Динамические ARP-записи, превращающиеся в статические ARP-записи

Недавно я приобрел клиента, у которого странная проблема с кэшированием ARP на одном из их серверов.

У меня есть сервер, который в конечном итоге начнет превращать свои динамические записи ARP в статические записи ARP. Это вызывает проблемы, потому что, когда машина, имеющая записи статического ARP на этом сервере, получает новый IP через DHCP, сервер не может обмениваться данными с клиентами. Очистка кэша ARP решает проблему, и сервер работает нормально в течение недели, а затем начинает медленно превращать записи ARP в статические записи ARP. Я не ограничил это тем, когда и сколько он начинает делать, но постепенно вы начинаете видеть 1 статический ARP, затем 5 и затем 10.

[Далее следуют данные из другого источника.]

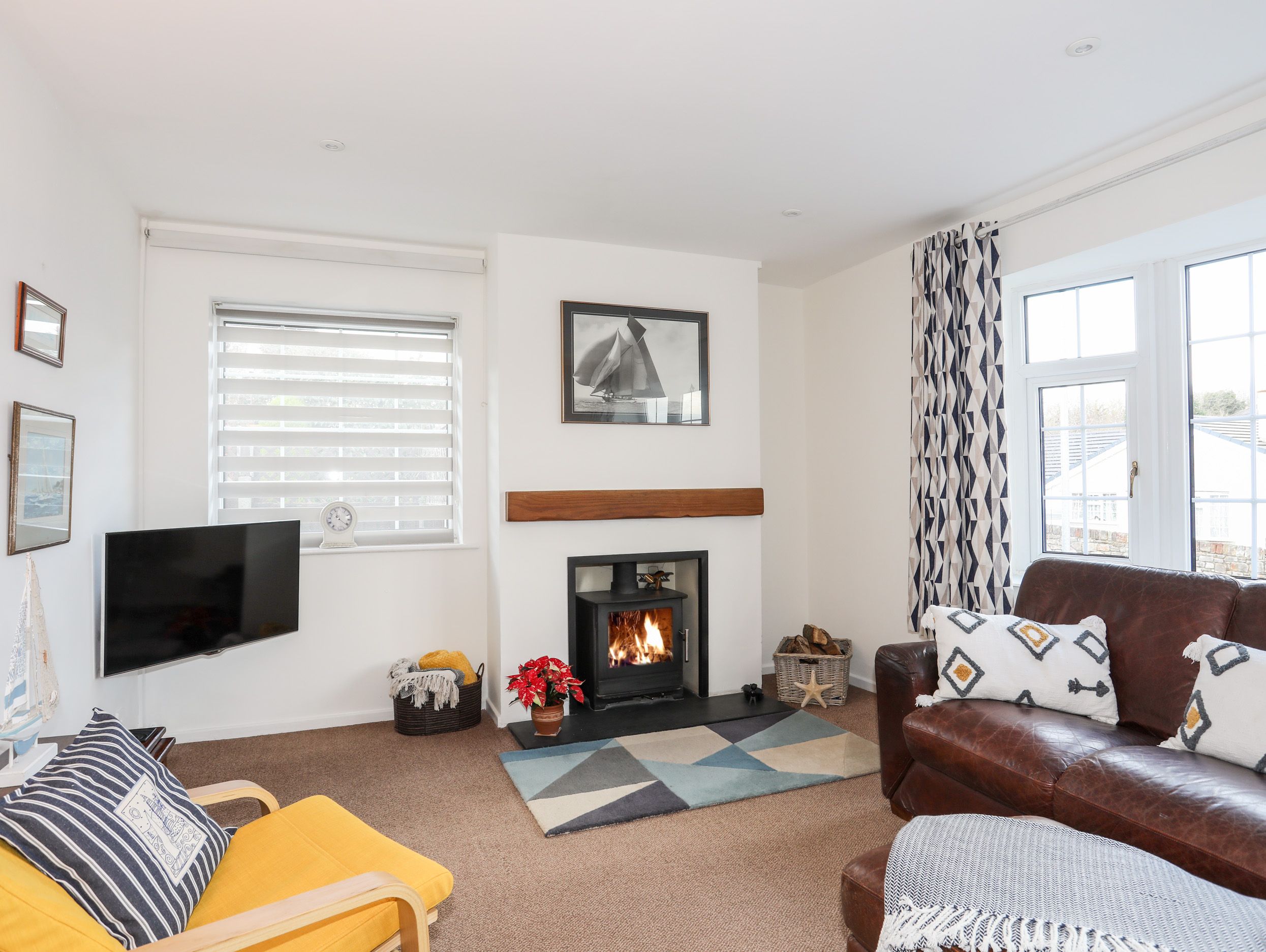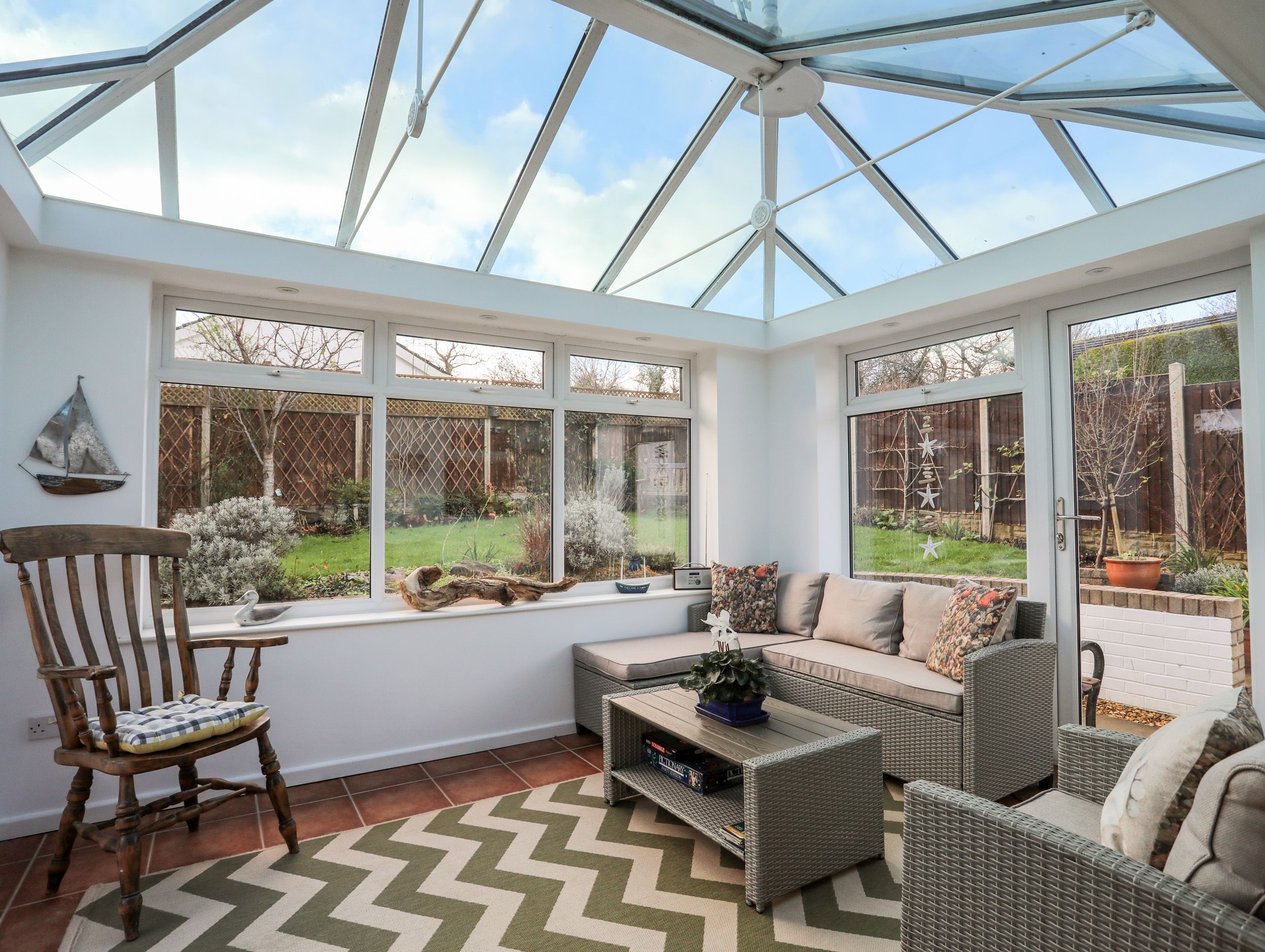 Accomodation Details Single-storey. Three bedrooms: 2 x double, 1 x single with trundle bed on request. Shower room with walk-in shower, basin, heated towel rail and WC. Cloakroom. Open-plan living space with kitchen, dining area and sitting area with woodburning stove. Sunroom

Рассматриваемый сервер - Windows Server 2003 SP2. Это сервер DC, DHCP и DNS. Я проверил параметры области DHCP, и там нет ничего, что указывало бы на что-либо, связанное со статическими записями ARP. Единственное отличие между этим DNS-сервером и другим DNS-сервером состоит в том, что на проблемном сервере проверяется «Динамическое обновление записей DNA A и PTR для клиентов DHCP, которые не запрашивают обновления».

Я провел небольшое исследование по этому поводу, и кажется, что это может произойти, если запущены какие-либо службы типа PXE, из того, что я могу сказать, ничто не работает на сервере PXE.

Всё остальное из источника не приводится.